* [What you will do] Leaving out only the pictures, write out all the entries exactly.

* [Source material]

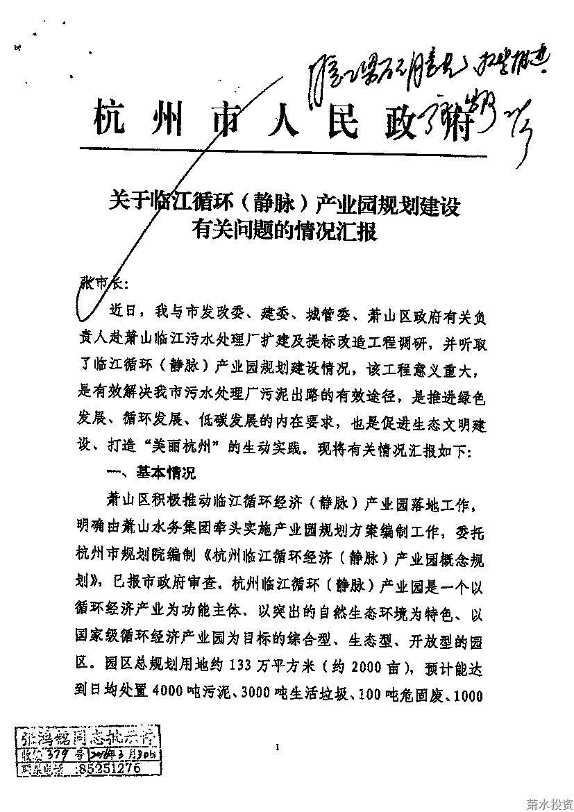 张市长指挥件中对临江循环经济(静脉)工业园项目作了高度评价,以为该项目意义重大,是解决我市污水处置惩罚厂污泥出路的有用途径,是推进绿色、循环、低碳生长的内在要求,也是增进生态文明建设、打造“漂亮杭州”的生动实践。由于工业园涉及AG真人国际官方网站区和大江东工业集聚区,权属治理问题重大,张市长赞成高照料的意见,催促市妄想局尽快组织计划审查并做好后续控规体例指导事情,要求市城投集团等相关部分提前介入,增强与工业园的周全战略相助,一揽子解决杭州市污水厂污泥、垃圾、飞灰、有毒有害固废协同处置惩罚问题。
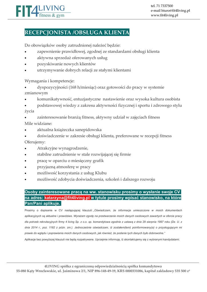 tel. 71 7337500 e-mail [email protected] www.fit4living.pl RECEPCJONISTA /OBSŁUGA KLIENTA Do obowiązków osoby zatrudnionej należeć będzie: zapewnienie prawidłowej, zgodnej ze standardami obsługi klienta aktywna sprzedaż oferowanych usług pozyskiwanie nowych klientów utrzymywanie dobrych relacji ze stałymi klientami Wymagania i kompetencje: dyspozycyjności (168 h/miesiąc) oraz gotowości do pracy w systemie zmianowym komunikatywność, entuzjastyczne nastawienie oraz wysoka kultura osobista podstawowej wiedzy z zakresu aktywności fizycznej i sportu i zdrowego stylu życia zainteresowanie branżą fitness, aktywny udział w zajęciach fitness Mile widziane: aktualna książeczka sanepidowska doświadczenie w zakresie obsługi klienta, preferowane w recepcji fitness Oferujemy: Atrakcyjne wynagrodzenie, stabilne zatrudnienie w stale rozwijającej się firmie pracę w oparciu o miesięczny grafik przyjazną atmosferę w pracy możliwość korzystania z usług Klubu możliwość zdobycia doświadczenia, szkoleń i dalszego rozwoju Osoby zainteresowane pracą na ww. stanowisku prosimy o wysłanie swoje CV na adres: [email protected] w tytule prosimy wpisać stanowisko, na które Pan/Pani aplikuje. Prosimy o dopisanie w CV następującej klauzuli: „Oświadczam, że informacje umieszczone w moich dokumentach aplikacyjnych są aktualne i prawdziwe. Wyrażam zgodę na przetwarzanie moich danych osobowych zawartych w ofercie pracy dla potrzeb rekrutacyjnych firmy 4 living Sp. z o.o. sp. komandytowa zgodnie z ustawą z dnia 29 sierpnia 1997 roku (Dz. U. z dnia 2014 r., poz. 1182 z późn. zm.). Jednocześnie oświadczam, iż zostałem(łam) poinformowany(a) o przysługującym mi prawie do wglądu i poprawiania moich danych osobowych, jak również, że podanie tych danych było dobrowolne.” Aplikacje bez powyższej klauzuli nie będą rozpatrywane. Uprzejmie informuję, iż skontaktujemy się z wybranymi kandydatami. 4LIVING spółka z ograniczoną odpowiedzialnością spółka komandytowa 55-080 Kąty Wrocławskie, ul. Jaśminowa 2/1, NIP 896-148-49-19, KRS 0000331086, kapitał zakładowy 535 500 z³
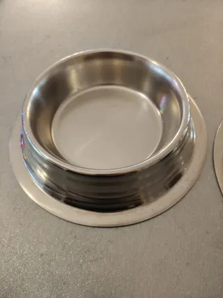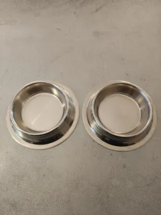 Set composto da due ciotole in acciaio inossidabile, perfette per cani piccoli o gatti. Dimensione bocca 14 cm diametro altezza 4 cm - Materiale: acciaio inossidabile - Colore: argento - Quantità: 2 pezzi
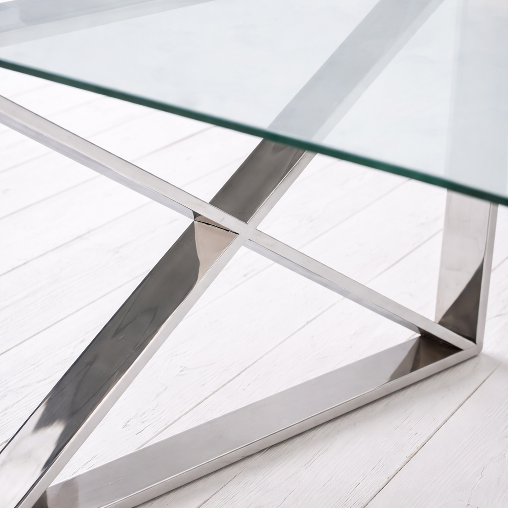 The Kensington Coffee Table brings understated elegance to neutral and Hamptons-style living spaces. With a clear tempered glass top and sculptural stainless steel cross-frame base, it feels both contemporary and timeless.
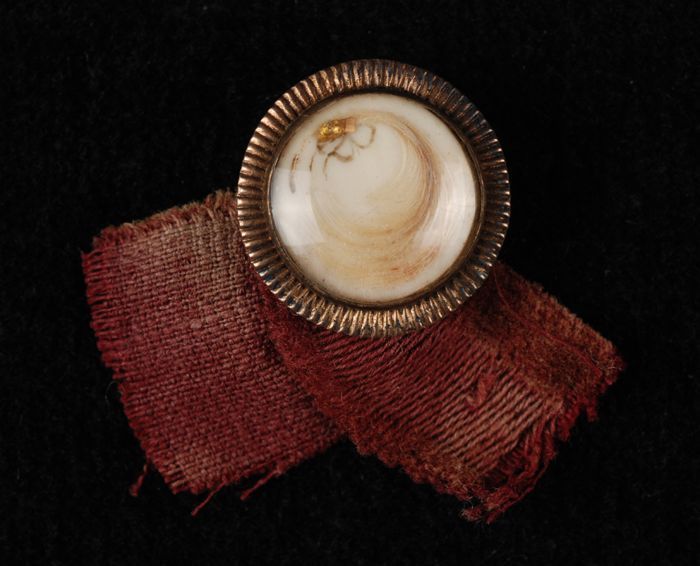 Rond speldje met stukje haar achter glas, op rood st...

* [Task response]
 张市长指挥件中对临江循环经济(静脉)工业园项目作了高度评价,以为该项目意义重大,是解决我市污水处置惩罚厂污泥出路的有用途径,是推进绿色、循环、低碳生长的内在要求,也是增进生态文明建设、打造“漂亮杭州”的生动实践。由于工业园涉及AG真人国际官方网站区和大江东工业集聚区,权属治理问题重大,张市长赞成高照料的意见,催促市妄想局尽快组织计划审查并做好后续控规体例指导事情,要求市城投集团等相关部分提前介入,增强与工业园的周全战略相助,一揽子解决杭州市污水厂污泥、垃圾、飞灰、有毒有害固废协同处置惩罚问题。
 tel. 71 7337500 e-mail [email protected] www.fit4living.pl RECEPCJONISTA /OBSŁUGA KLIENTA Do obowiązków osoby zatrudnionej należeć będzie: zapewnienie prawidłowej, zgodnej ze standardami obsługi klienta aktywna sprzedaż oferowanych usług pozyskiwanie nowych klientów utrzymywanie dobrych relacji ze stałymi klientami Wymagania i kompetencje: dyspozycyjności (168 h/miesiąc) oraz gotowości do pracy w systemie zmianowym komunikatywność, entuzjastyczne nastawienie oraz wysoka kultura osobista podstawowej wiedzy z zakresu aktywności fizycznej i sportu i zdrowego stylu życia zainteresowanie branżą fitness, aktywny udział w zajęciach fitness Mile widziane: aktualna książeczka sanepidowska doświadczenie w zakresie obsługi klienta, preferowane w recepcji fitness Oferujemy: Atrakcyjne wynagrodzenie, stabilne zatrudnienie w stale rozwijającej się firmie pracę w oparciu o miesięczny grafik przyjazną atmosferę w pracy możliwość korzystania z usług Klubu możliwość zdobycia doświadczenia, szkoleń i dalszego rozwoju Osoby zainteresowane pracą na ww. stanowisku prosimy o wysłanie swoje CV na adres: [email protected] w tytule prosimy wpisać stanowisko, na które Pan/Pani aplikuje. Prosimy o dopisanie w CV następującej klauzuli: „Oświadczam, że informacje umieszczone w moich dokumentach aplikacyjnych są aktualne i prawdziwe. Wyrażam zgodę na przetwarzanie moich danych osobowych zawartych w ofercie pracy dla potrzeb rekrutacyjnych firmy 4 living Sp. z o.o. sp. komandytowa zgodnie z ustawą z dnia 29 sierpnia 1997 roku (Dz. U. z dnia 2014 r., poz. 1182 z późn. zm.). Jednocześnie oświadczam, iż zostałem(łam) poinformowany(a) o przysługującym mi prawie do wglądu i poprawiania moich danych osobowych, jak również, że podanie tych danych było dobrowolne.” Aplikacje bez powyższej klauzuli nie będą rozpatrywane. Uprzejmie informuję, iż skontaktujemy się z wybranymi kandydatami. 4LIVING spółka z ograniczoną odpowiedzialnością spółka komandytowa 55-080 Kąty Wrocławskie, ul. Jaśminowa 2/1, NIP 896-148-49-19, KRS 0000331086, kapitał zakładowy 535 500 z³
 Set composto da due ciotole in acciaio inossidabile, perfette per cani piccoli o gatti. Dimensione bocca 14 cm diametro altezza 4 cm - Materiale: acciaio inossidabile - Colore: argento - Quantità: 2 pezzi
 The Kensington Coffee Table brings understated elegance to neutral and Hamptons-style living spaces. With a clear tempered glass top and sculptural stainless steel cross-frame base, it feels both contemporary and timeless.
 Rond speldje met stukje haar achter glas, op rood st...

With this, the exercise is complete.